The bar had closed doors, the music was filtered, and the bone shivering was mostly gone in here. It was dark, like it was supposed to be, the only light coming from the bar itself, which was made of stained glass; murky, oddly shaped panels of blood red and wine purple and jade green and dull blue, some of them illuminated from within, shattering the shadowy, smoky room with random shafts of colored light. Barrabas sat on a stool in a shaft of purple; Jo Ann sat almost astraddle a beam of green, some of it streaming up her front to tint her gray eyes jade.
They ordered vodka martinis and sat hunched together between two groups of sweating, almost-naked men giggling over cocaine fizzes. Advertisements blinked up the cocktail straws; digital music groaned like a machine about to break down. On the walls, videopaintings re-creating scenes from medieval depictions of the Crucifixion and Resurrection flickered through sequence in doleful chiaroscuro; occasionally the images of Christ alternated with other figures, paintings by Paul Mavrides and other icons from the erstwhile post-Acid House era: Timothy Leary ascending into heaven, riding a CD like a flying saucer; William Burroughs and Laurie Anderson waltzing through a concentration camp while the starveling camp victims played Strauss on orchestral instruments; Kotzwinkle shooting skull-shaped dice with William Gibson; the minimono star Calais chained to Stephen Hawking’s wheelchair; Philip K. Dick with an arm growing from his forehead, arm wrestling with an arm growing from Rick Crandall’s forehead; Rickenharp falling into the rubble of the collapsing Arc de Triomphe; Ivan Stang adding twentieth-century paper money to the flames under the stake on which a grinning J.R. “Bob” Dobbs is being burned alive; David Bowie eaten cannibalistically by a demonic horde of twenty-first century pop stars; Iggy Pop having sex with Mrs. Bester, the president of the United States.

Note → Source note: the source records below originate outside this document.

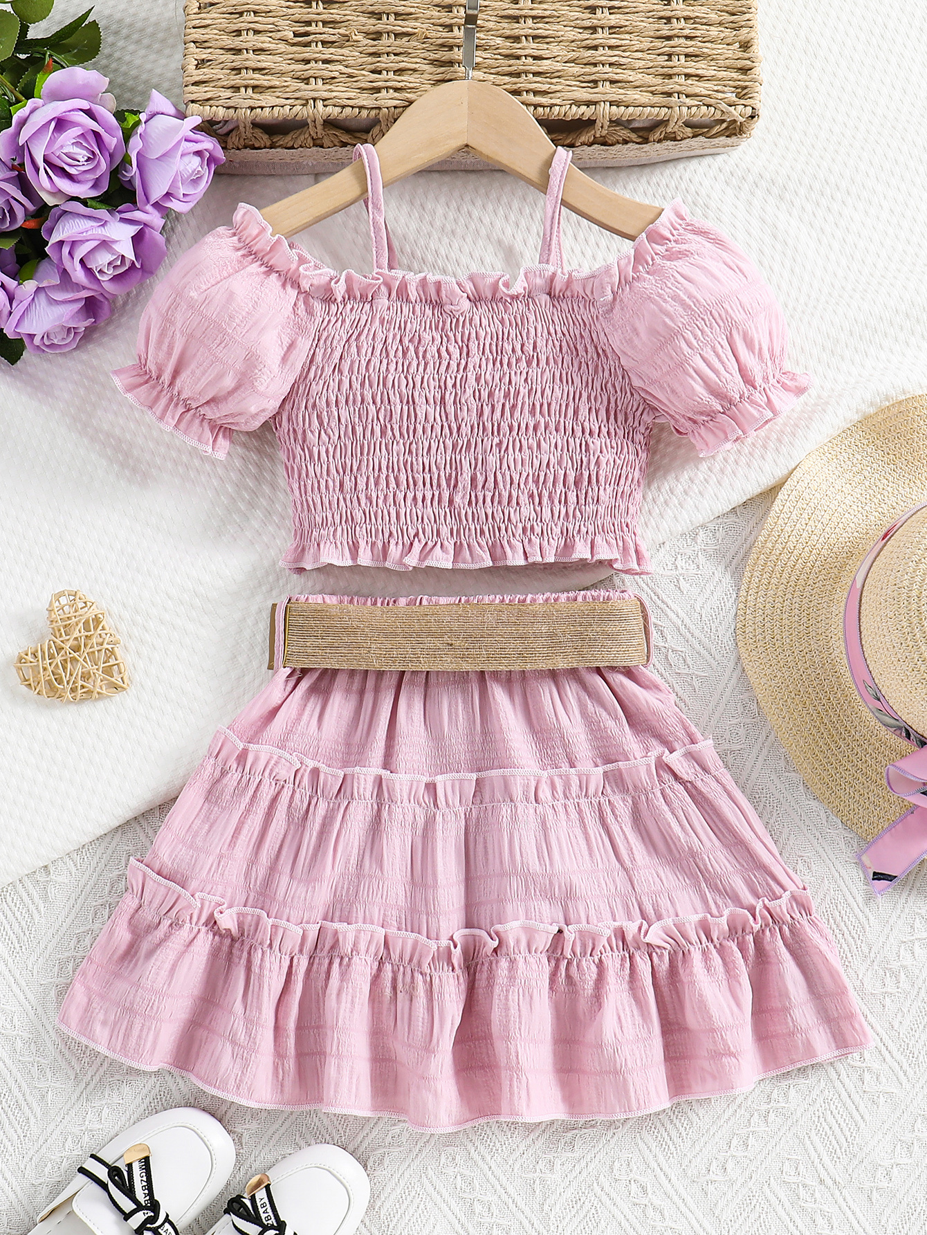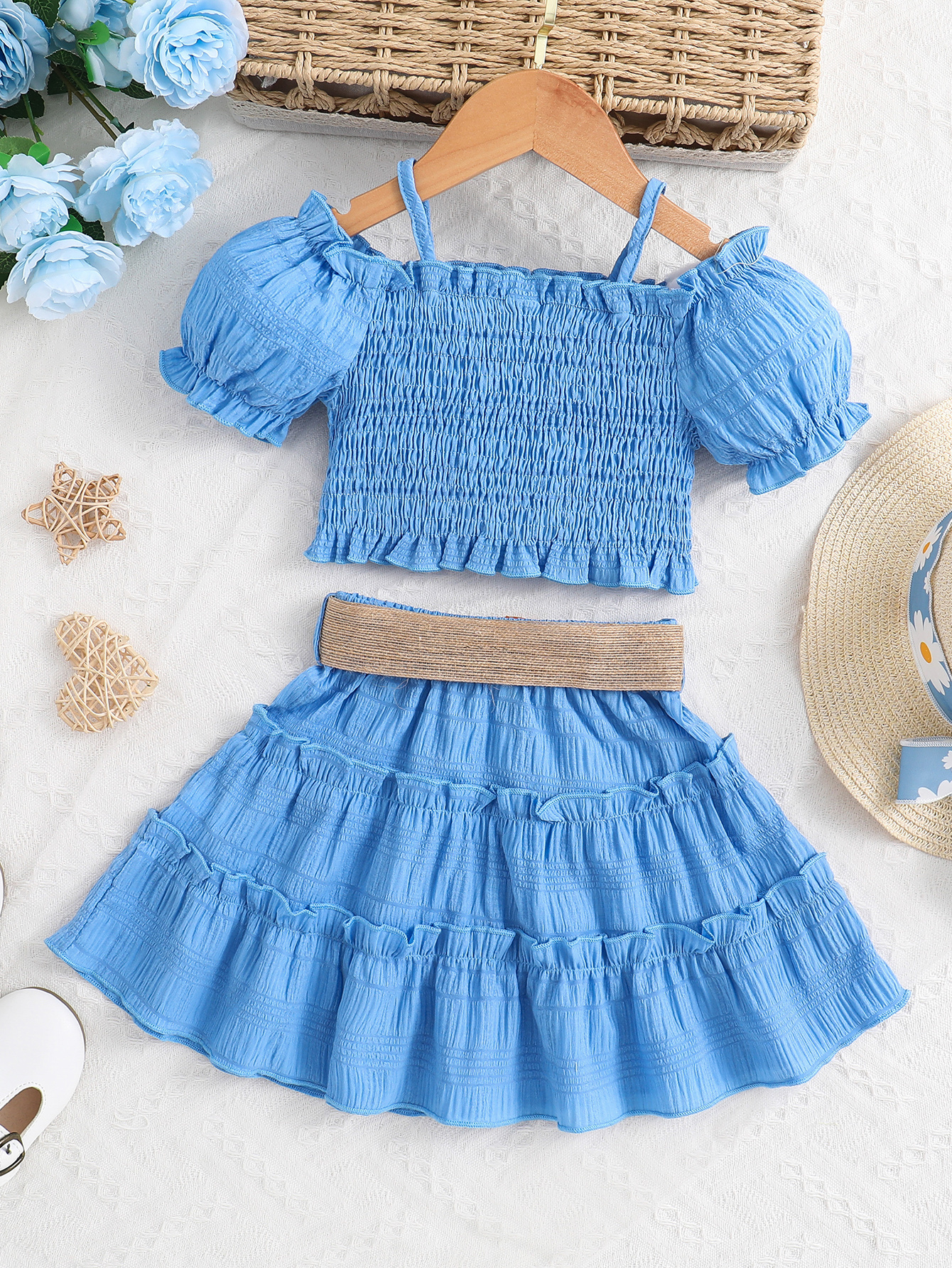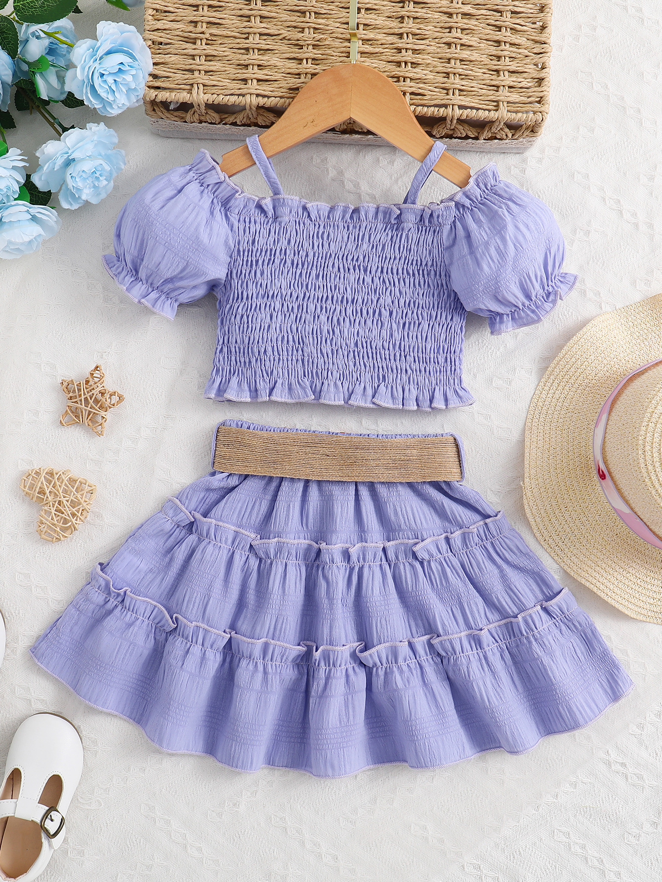 Cet ensemble jupe et haut épaules dégagées est parfait pour l’été. Léger, confortable et élégant, il accompagne votre enfant lors des journées chaudes tout en lui offrant un style adorable digne d’une petite princesse.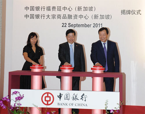 On September 22, Bank of China's Bulk Commodity Financing Center (Singapore) and Forfaiting Center (Singapore) were established concurrently, as the first Chinese bank to set up overseas bulk commodity financing center and Forfaiting center. Wei Wei, the Chinese Ambassador to Singapore, Yue Yi, Vice Executive President of Bank of China and Li Xiuting, Assistant Director of the International Enterprise Singapore were present at the inauguration ceremony.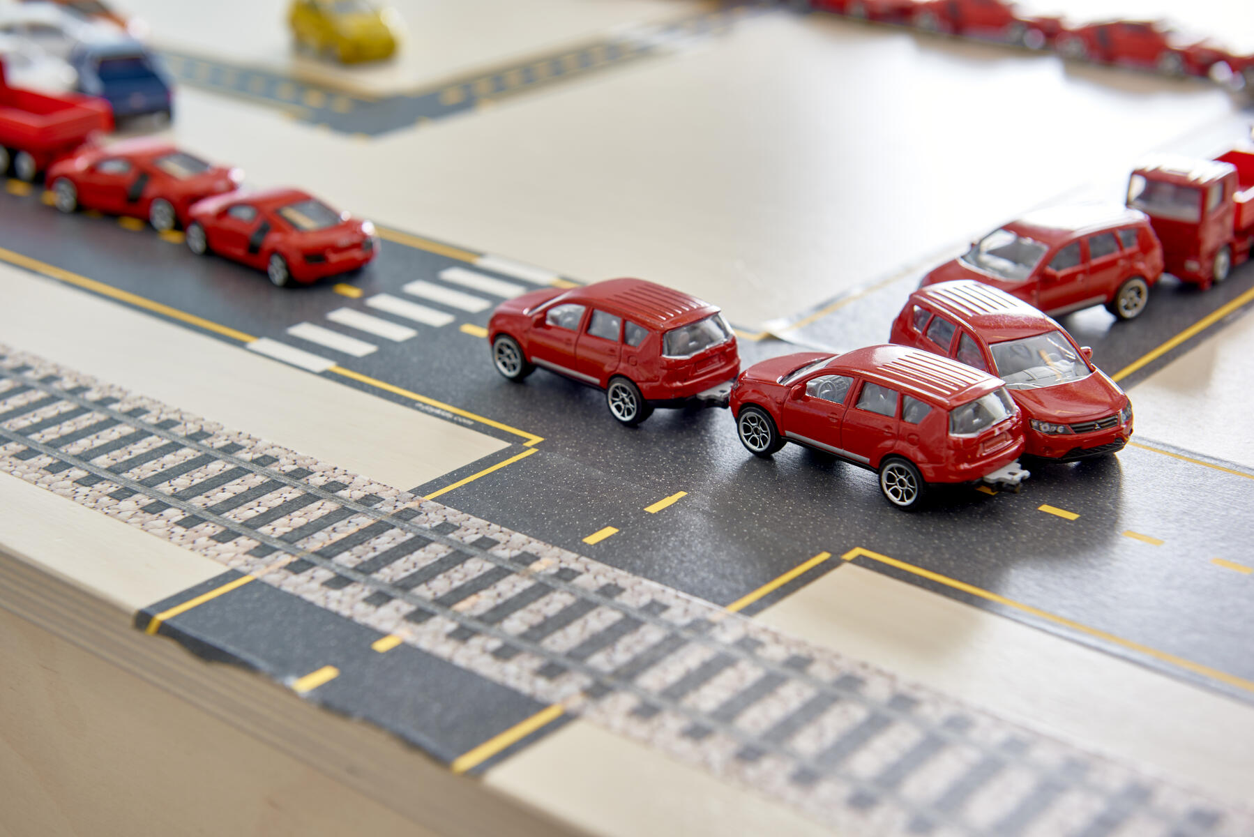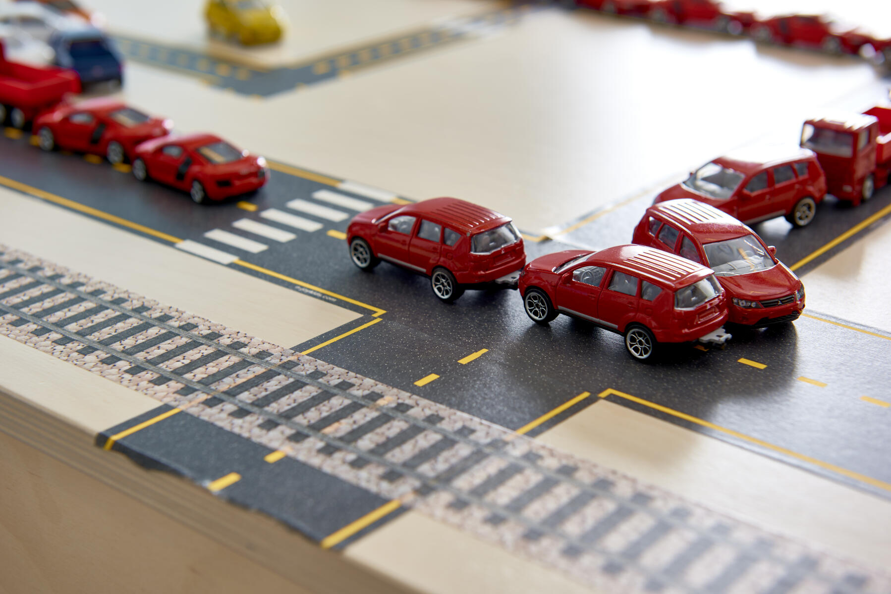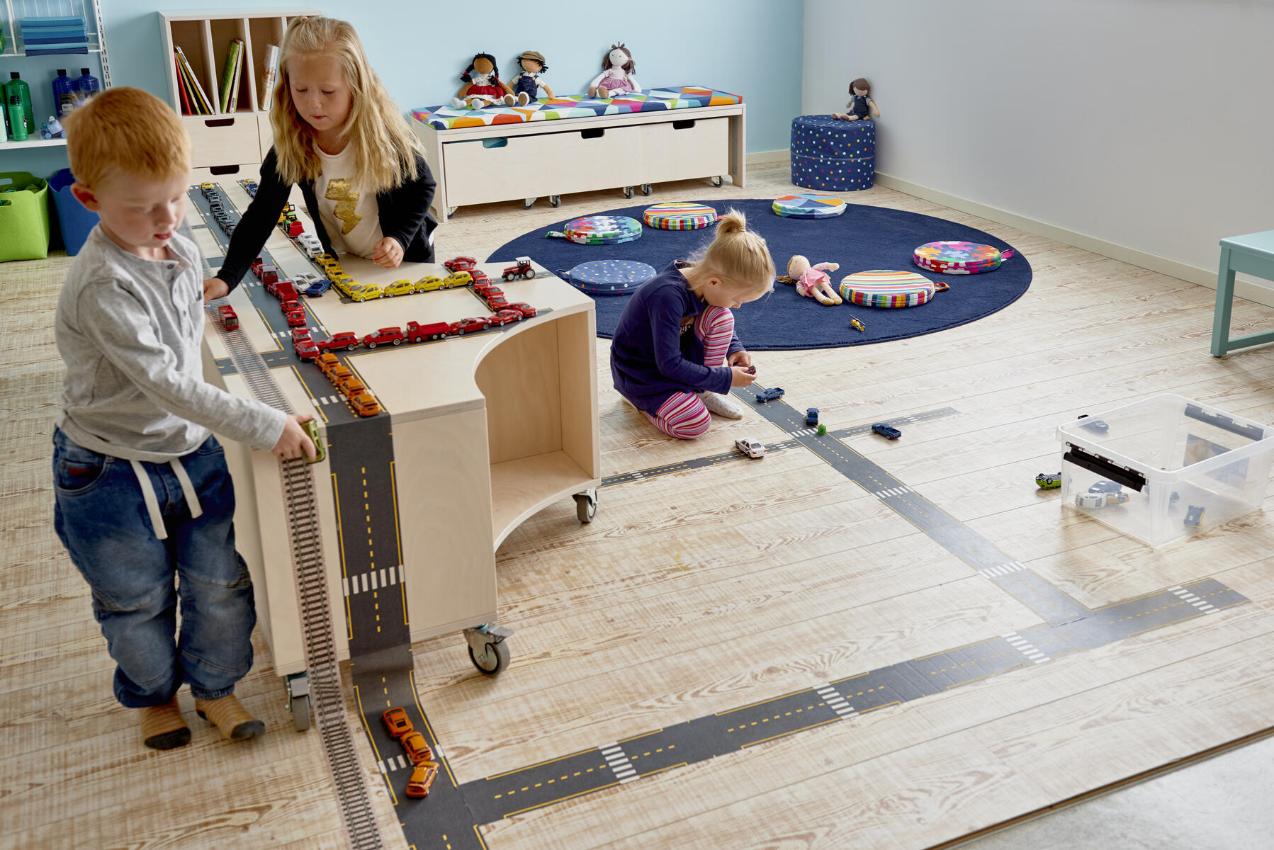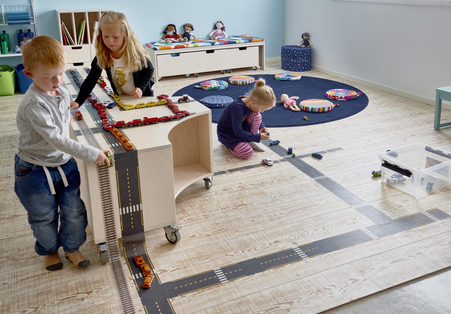 En stor matta där det finns plats för mycket fordonslek och flera barn kan leka samtidigt. Av 100 % nylon, gummerad undersida av latex. Rengöres via dammsugning, fläckar tas bort med milt rengöringsmedel och blöt trasa. PVC-fri.

And back to the dead but numinous body of the scourged Christ, his head in Mary Magdalene’s lap.
“That loose data bothering you here?” Barrabas asked. “The Brain Bank stuff, I mean.”
Jo Ann shook her head. “Isn’t room for it with all the input here. You feel better?”
“Much. I’m sorry about the dance. I’ll get a few drinks in me and then—”
“Don’t worry about it. It was too crowded to dance anyway. What is it you do for Dr. Cooper? Video stuff, you said?”
“Documentation, editing.” He wanted to change the subject. She was frowning slightly.
Two guys behind him were talking over one another, yelling opinions that neither heard. He felt a nonmusical chill when he realized what the issue was. “The bloo’y SA Fascist barstads ’er in Parliament now, what yuh going to do, ay?” one of them, a white guy in dreadlocks, yelled. “There’s no bloo’y way we can get the Nazi barstads out without a war, a blee’in’ civil war, mate, ay?”
At the same time the other shouter—a black with a scalp-up shaped like a street scene, his home neighborhood—was saying, “Oi mean, these buggered right righ-cist barstads are everywhere, fuck me for a joke, ’ow you goin’ to fight them, bloo’y ’ell you’d arv to bust in the system, righ’?”